The fundamental dichotomy and in fact the most important decision clinicians must make is to differentiate between benign snoring and obstructive sleep apnoea. If there is significant doubt formal Polysomnography or sleep study should be undertaken. In sleep study proven benign snoring primarily due to palatal flutter Injection snoroplasty offers, in appropriately selected cases, a simple and inexpensive “In Office” procedure with a short, intermediate and long term success rate similar to more aggressive and more expensive surgical procedures.

The two main problems of surgery for snoring remain appropriate patient selection, that is to say excluding patients with moderate to severe obstructive sleep apnoea, and the fact that all procedures appear to be associated with a high relapse rate.
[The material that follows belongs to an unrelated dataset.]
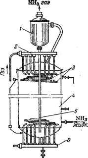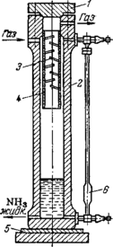 Внутри цилиндра на металлических стержнях укреплены отбойники 3, представляющие собой стальные полудиеки, повернутые друг к другу под углом 30°. Уносимые газом брызги жидкого аммиака ударяются об отбойники и стекают вниз. Газ, освобожденный от жидкости, выходит из сепаратора через верхнее отверстие, жидкий аммиак удаляется из аппарата снизу. Для предотвращения прорыва газа в жидкостной трубопровод (что очень опасно) в сепараторе всегда поддерживается определенный уровень жидкого аммиака при помсщи регулятора уровня, получающего соответствующий импульс от бхйковой камеры 6.
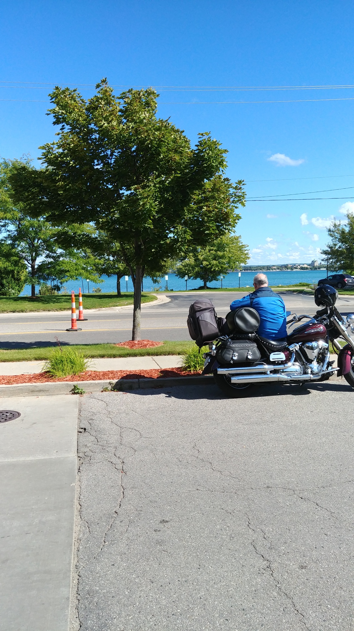 It was cold;not cool–cold. 50’s cold on Wednesday morning in Cadillac, MI. We headed to Midland for two reasons: 1) There is a Grand Traverse Pie Company store there, and 2) It is on the way to see George and Sharon Krieger down near St. Charles, MI. Andy had mentioned seeing them as a possibility on this trip; so we thought Wednesday would be a good day to do it.

Most studies suggest that even the best performed surgical procedures including UPPP or LAUP are associated with about a 50% success rate at the 5 year mark, that is to say that 5 years after the initial intervention 50% of people are again experiencing significant snoring. Often this is due to unrelated events such as weight gain or increased alcohol intake but in terms of obtaining informed consent for these procedures it is reasonable to quote 50% 5-year success rate.

Summary

Injection Snoroplasty is not the be all and end all for benign snoring. It is a simple, safe, office based procedure that is appropriate for selected individuals, offers a success rate that is favorably comparable with more invasive procedures such as Uvulopharyngopalatoplasty or laser assisted Uvulopharyngopalatoplasty, radiofrequency ablation or palatal snoring. It is easy to perform, lacks the risks associated with general anaesthesia and the cost associated with operation room/hospital based procedures. We have been performing the procedure since 2001, have performed over 50 injections and consider the procedure to be an alternative to other treatment methods due to its minimal cost and minimal postoperative discomfort in selected cases.